ThreeDeeJay commented 2 months ago

Did you try with some older drivers? ALC1150 is at least a decade old (UAD in particular is pretty delicate) Or maybe with the hacked ones on TPU.

@mirh Any idea if those drivers perform any differently than ASIO4ALL? 🤔 Seems a bit tedious and unsafe if it might also require disabling driver signature enforcement to install modified drivers. I even had to revert drivers R2.83 released earlier this year because 7.1 surround configuration was missing so I went back to R2.82 from like 2017 lol

It can't go less than 128 with an update size of 64. Some samples need to be playing while new samples are being generated, which is accomplished with double-buffering, and 64x2 = 128. Though it looks like it's not going lower than 176 (~3.6ms), which is x2.75. That could be a limit of PortAudio, to ensure there's enough time to call for more audio before underrunning, but OpenAL Soft is only asking for 128-sample latency for double-buffering, and is getting back 176.

@kcat I noticed there may be a pattern here:

So if my guess and math are right, ActualBuffer = (period_size * 2) + (frequency/1000), then given ActualBuffer = 64 and frequency=48000, period_size would need to be 8 but that's way below the acceptable values.

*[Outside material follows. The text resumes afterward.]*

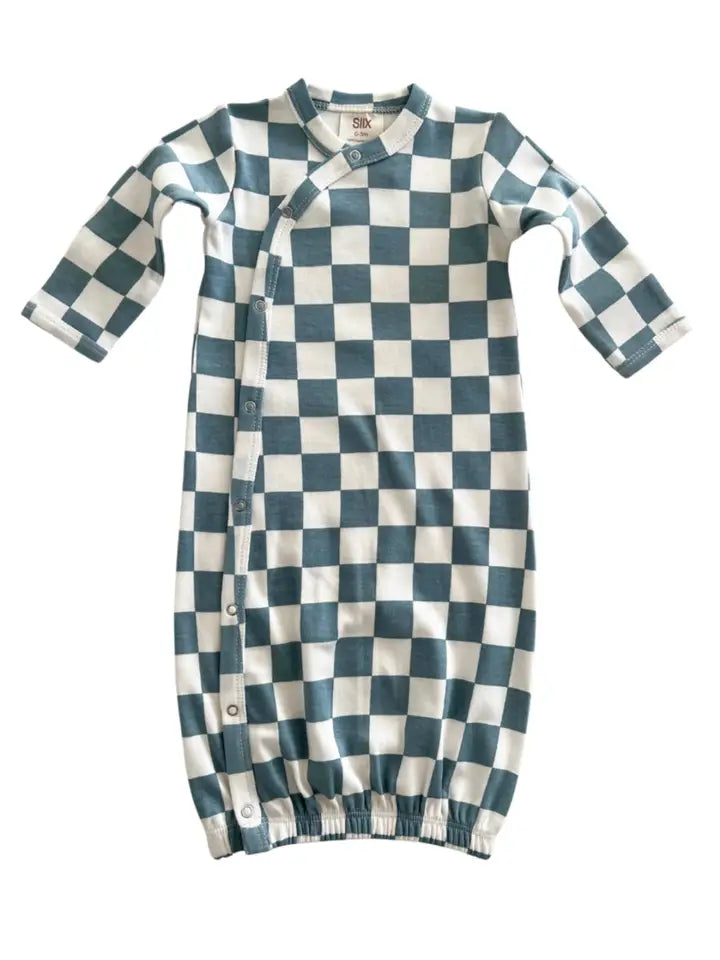 Checkerboard is bold and cheerful: perfect for your little one. On the Organic Gown, now you have ultimate convenience and comfort, too. Newborns can grow with this gown, and parents love how easy diaper changes are. Features side snaps and built-in mitten cuffs.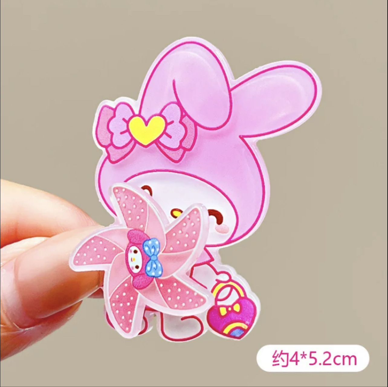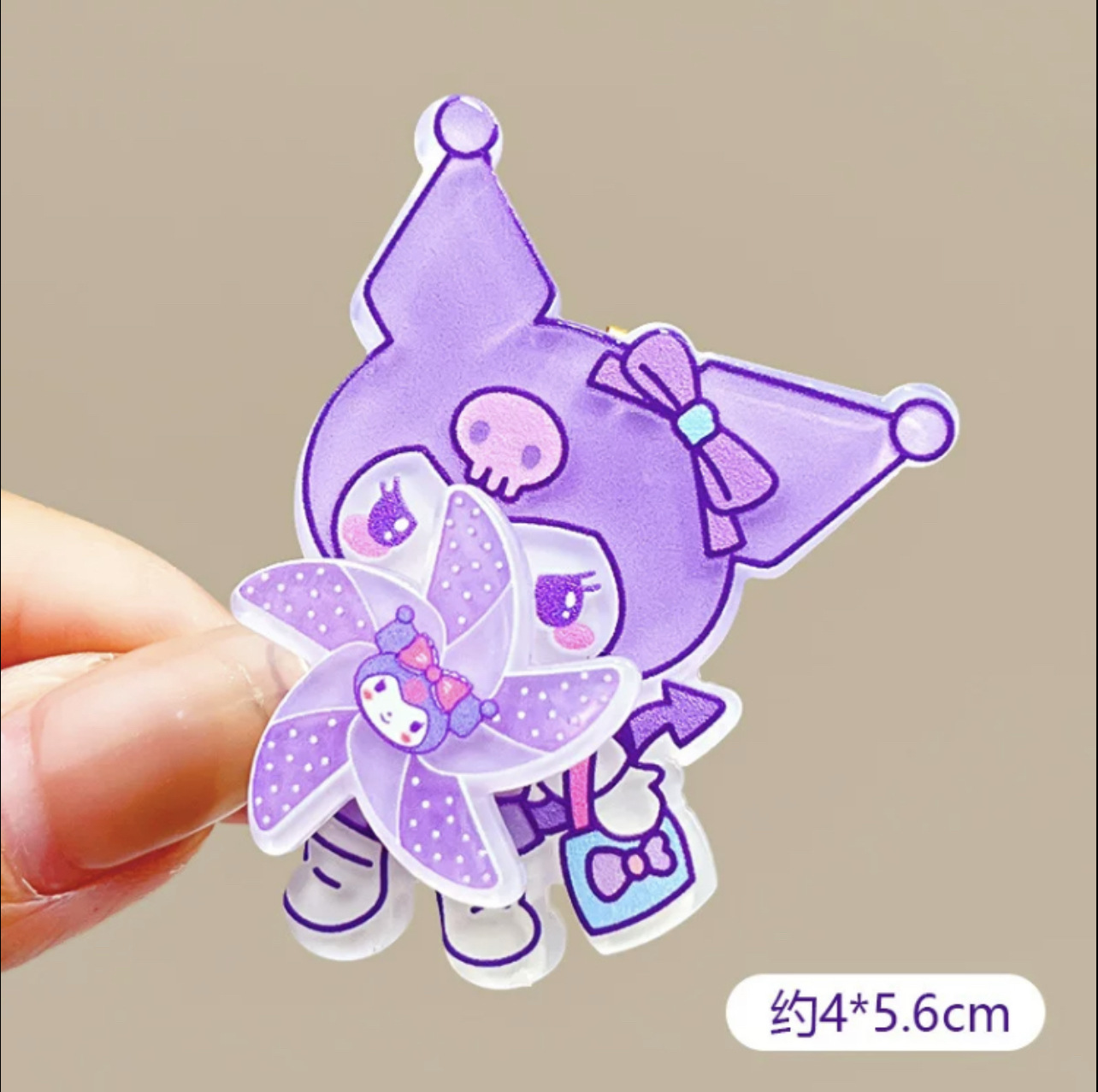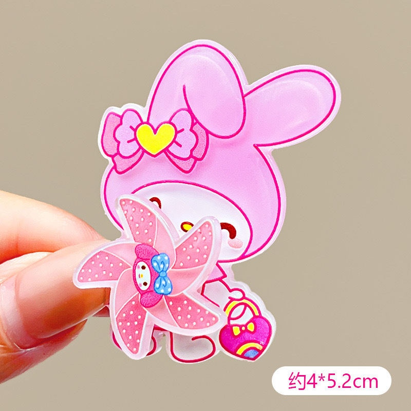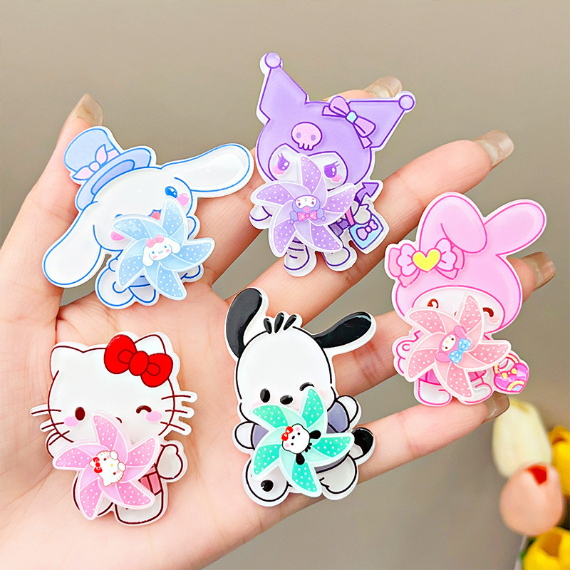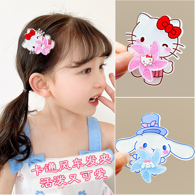 회전 풍차 어린이 머리핀 만화 귀여운 산리오 아크릴 소녀 하트 사이드 앞머리 깨진 헤어 클립스토어 가기

Math (`period_size` * 2) + (frequency/1000) = 64 ͞ ͞ ͞ ͞ ͞ ͞ ͞ ͞ ͞ ͞ ͞ ͞ ͞ ͞ ͞ ͞ ͞ ͞ ͞ ͞ ͞ ͞ ͞ ͞ ͞ ͞ ͞ ͞ ͞2 ͞ ͞ ͞ ͞ ͞ ͞ ͞ ͞ ͞ ͞ ͞ ͞ ͞ ͞ ͞ ͞ ͞ ͞ ͞ ͞ ͞ ͞ ͞ ͞ ͞ ͞ ͞ ͞ ͞   ͞ ͞ ͞2 ͞ `period_size` + [(48000/1000)/2] = 32 `period_size` + (48/2) = 32 `period_size` + 24 = 32 `period_size` = 32 - 24 `period_size` = 32 - 24 `period_size` = **8**

Alternatively, If I could set periods=1, I could just set period_size=16 so that extra + 48 at 48000Hz adds up to 64, but periods=1 isn't acceptable either.

So would it be feasible to lower those limits to compensate for that extra buffering that's added anyway? I wonder if it'd increase CPU usage significantly tho, at least compared to native ASIO at 64 buffer.

Also worth noting that I'm still able to use 64 samples even at up to 192000hz (max supported in general) in other ASIO apps without a single crackle. image

mirh commented 2 months ago

I don't have any idea, other than audio vendors not having needed ASIO in the first place if WDM-KS had been enough. Anyhow, whatever it's just an audio driver. Even R2.79 has its admirers

mirh commented 1 month ago

There is some shaky report the new W10 low latency mode may get you 3ms latencies, but it's really freaking annoying how no competent developer can seem to independently get it to work and confirmed.

p.s. as for the realtek asio driver, I found mixed opinions: one super positive, one neutral (old version sucks royally while new one is good, but pretty much the same of WASAPI) and another negative.

ThreeDeeJay commented 1 month ago

<5ms latency in shared mode sounds too good to be true, but then again so did the graphics equivalent (fullscreen optimizations/flip model or whatever it's called) add it really turned out to be a decent middle middle ground between the performance and latency of exclusive fullscreen, without its inconveniences like not being able to draw regular windows on top of it and non seamless alt-tabbing, so I wonder if this would be feasible here as well, to reduce inconvenience and extra setup for the end user 🤔

dechamps commented 1 month ago

<5ms latency in shared mode sounds too good to be true

There's really no reason why that shouldn't be possible, but to me the main caveat is this "low latency shared mode" apparently requires explicit support from the audio driver. I don't know if typical drivers offer such support (hopefully at least the Microsoft USB Audio drivers and Realtek drivers do, otherwise that's a huge chunk of the market left unadressed). I've never really looked into this particular feature.